Saved data entries

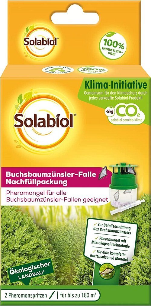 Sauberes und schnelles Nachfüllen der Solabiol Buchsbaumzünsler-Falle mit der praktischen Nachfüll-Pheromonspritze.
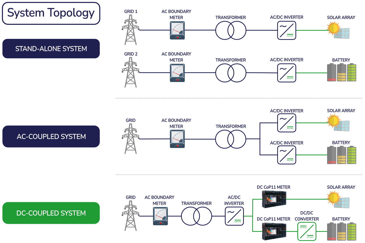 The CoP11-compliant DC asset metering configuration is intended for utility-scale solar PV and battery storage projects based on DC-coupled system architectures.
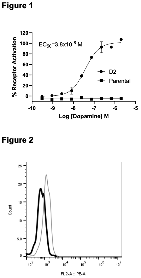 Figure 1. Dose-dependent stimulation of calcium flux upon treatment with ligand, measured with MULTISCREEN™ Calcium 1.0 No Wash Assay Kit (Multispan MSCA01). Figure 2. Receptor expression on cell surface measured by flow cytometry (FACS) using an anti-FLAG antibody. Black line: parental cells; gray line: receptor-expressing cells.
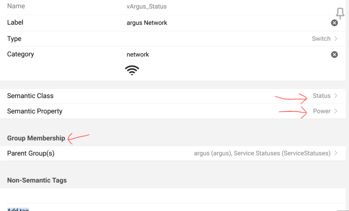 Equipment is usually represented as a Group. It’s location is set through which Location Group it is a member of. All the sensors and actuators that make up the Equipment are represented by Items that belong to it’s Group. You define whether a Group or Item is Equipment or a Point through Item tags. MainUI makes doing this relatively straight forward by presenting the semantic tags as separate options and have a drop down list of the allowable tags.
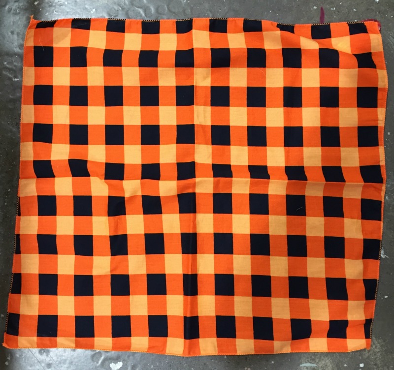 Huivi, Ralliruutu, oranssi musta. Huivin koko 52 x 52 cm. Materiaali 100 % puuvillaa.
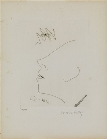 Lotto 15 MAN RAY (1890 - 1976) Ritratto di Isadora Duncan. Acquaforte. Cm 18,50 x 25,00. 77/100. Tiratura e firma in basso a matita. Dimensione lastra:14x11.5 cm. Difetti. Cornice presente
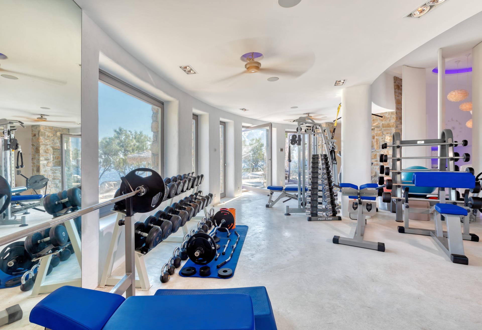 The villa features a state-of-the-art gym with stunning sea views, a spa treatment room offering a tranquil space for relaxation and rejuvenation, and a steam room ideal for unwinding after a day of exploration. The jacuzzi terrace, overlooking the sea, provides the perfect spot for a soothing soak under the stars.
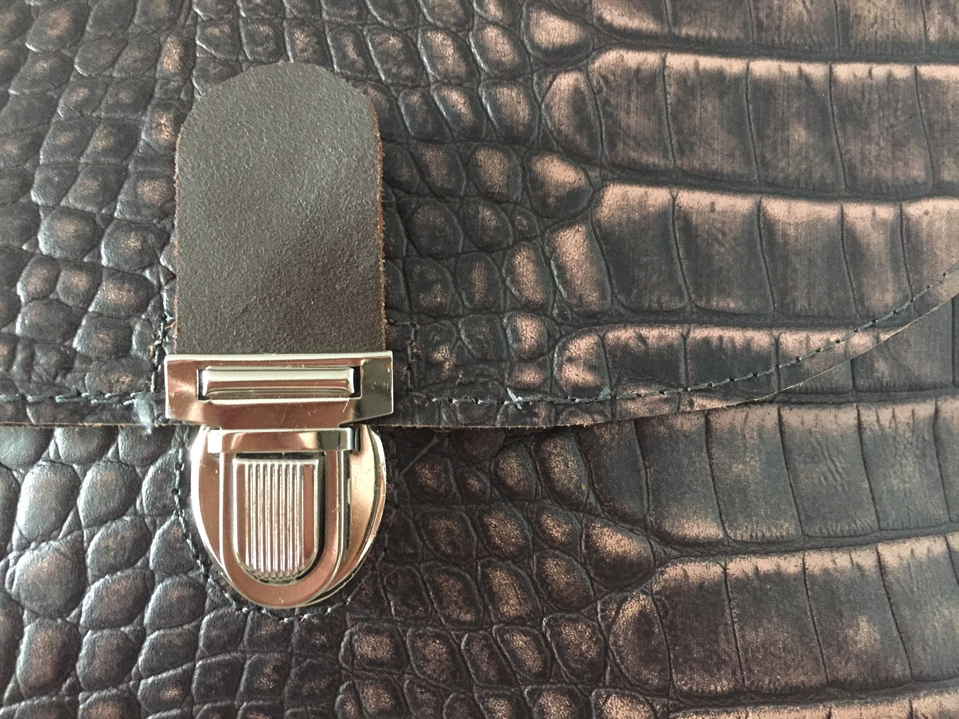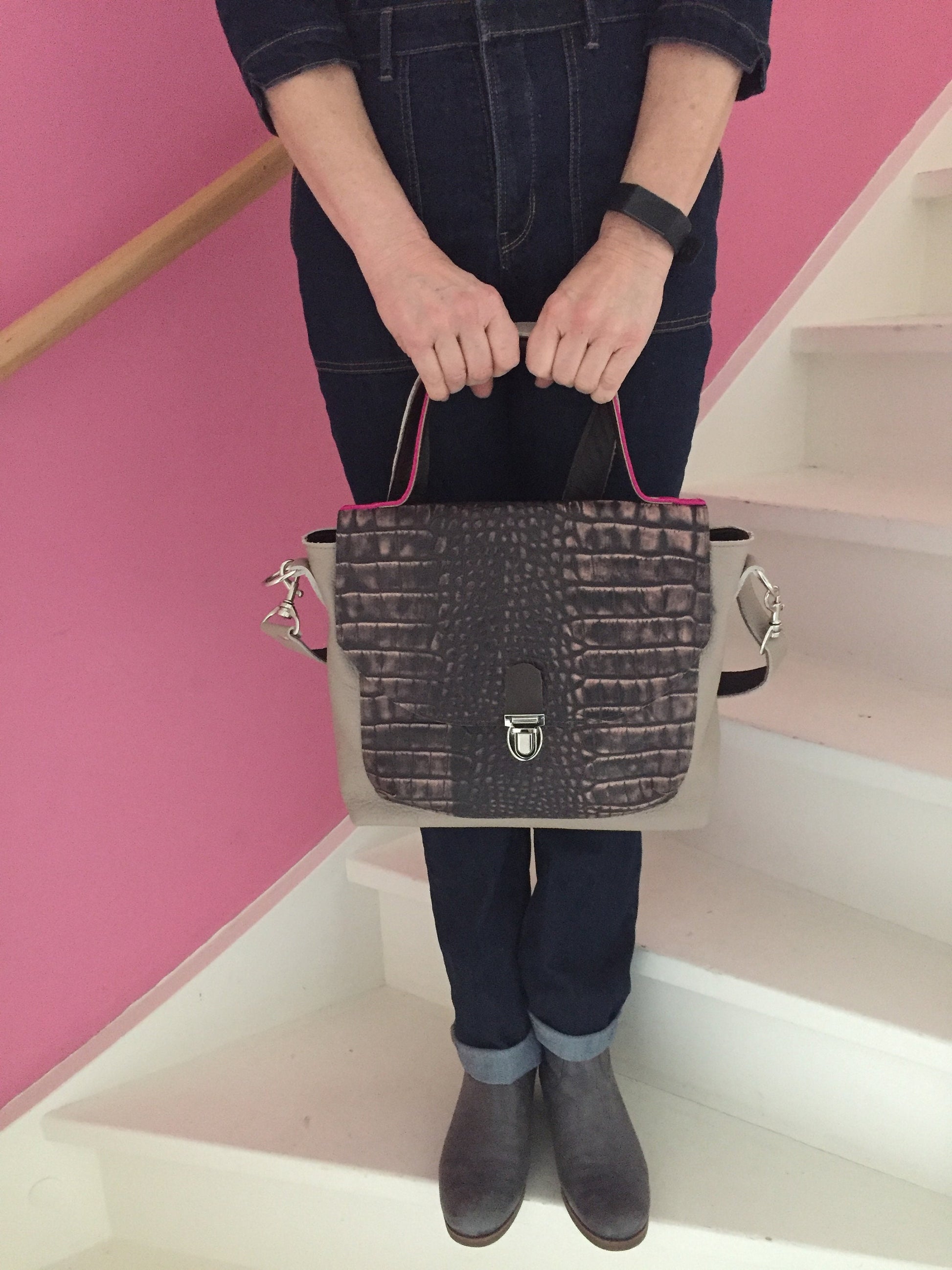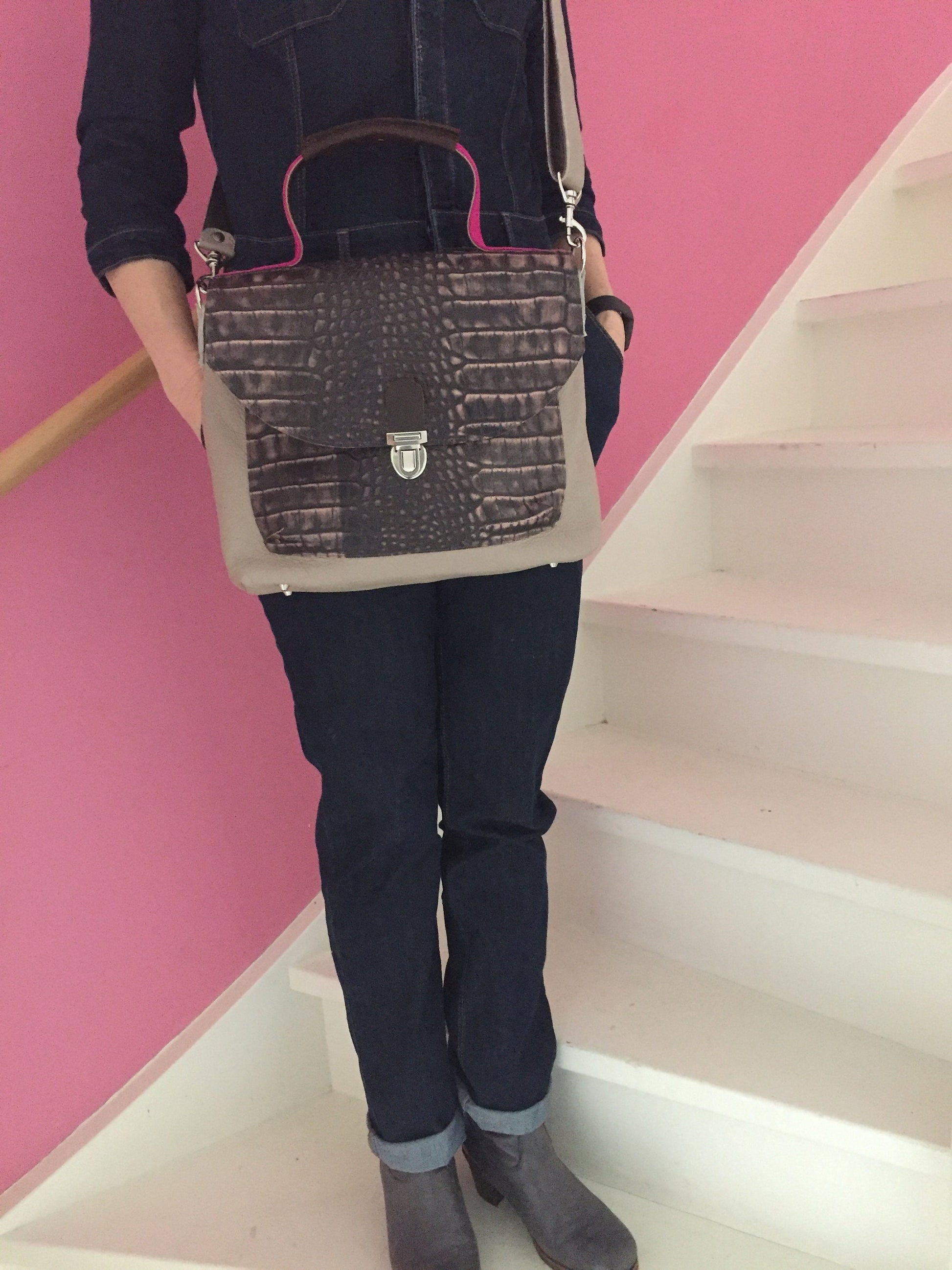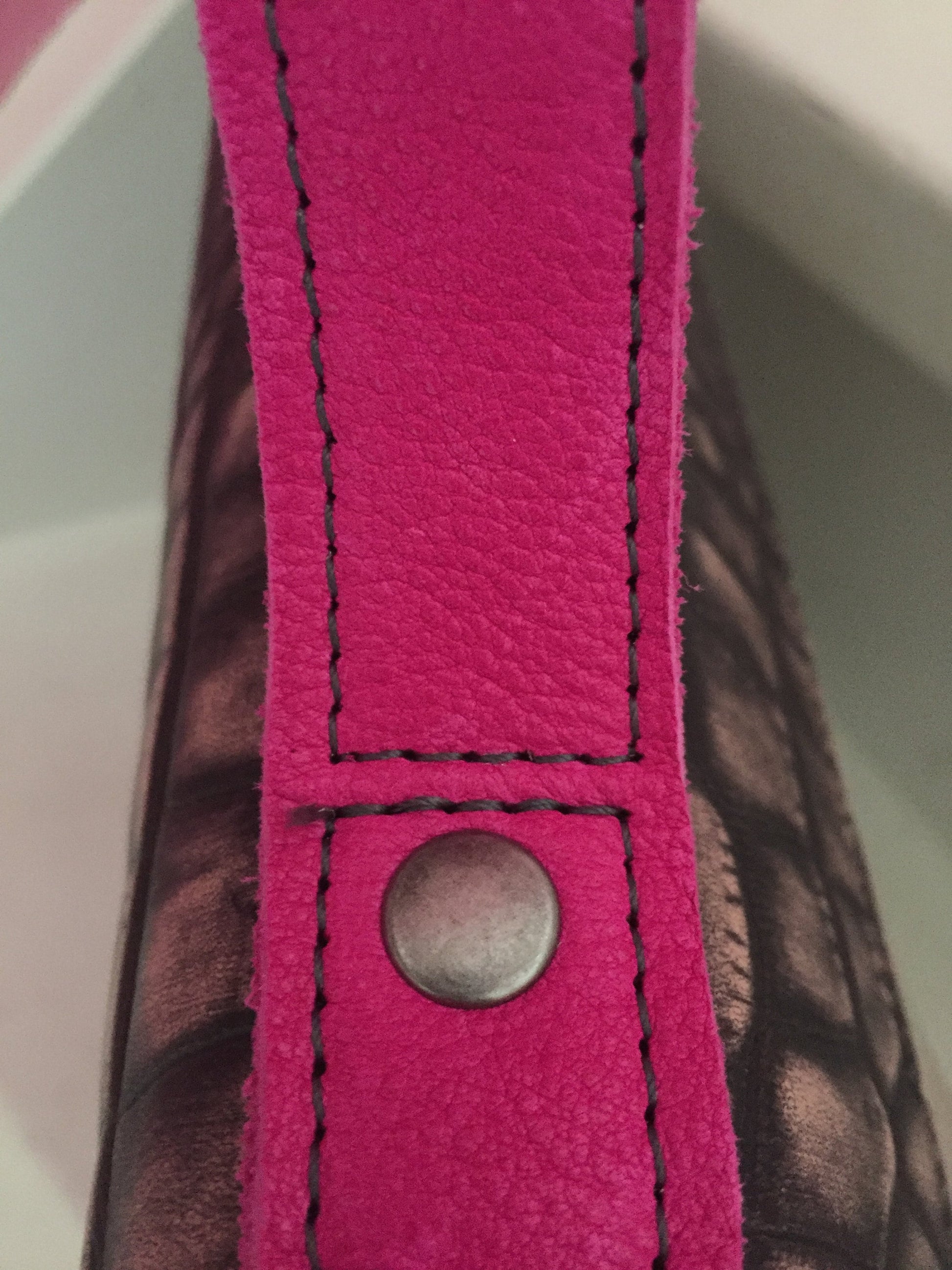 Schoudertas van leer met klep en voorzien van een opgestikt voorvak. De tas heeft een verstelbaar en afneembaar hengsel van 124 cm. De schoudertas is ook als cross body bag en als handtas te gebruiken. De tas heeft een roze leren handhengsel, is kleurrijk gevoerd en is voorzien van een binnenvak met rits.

▶ [Task statement]
Leaving each picture behind, please give again exactly the lines above from the one with "Huivi, Ralliruutu, oranssi" through the one with "Lotto 15 MAN", both included, and no others.

▶ [Exercise result]
 Huivi, Ralliruutu, oranssi musta. Huivin koko 52 x 52 cm. Materiaali 100 % puuvillaa.
 Lotto 15 MAN RAY (1890 - 1976) Ritratto di Isadora Duncan. Acquaforte. Cm 18,50 x 25,00. 77/100. Tiratura e firma in basso a matita. Dimensione lastra:14x11.5 cm. Difetti. Cornice presente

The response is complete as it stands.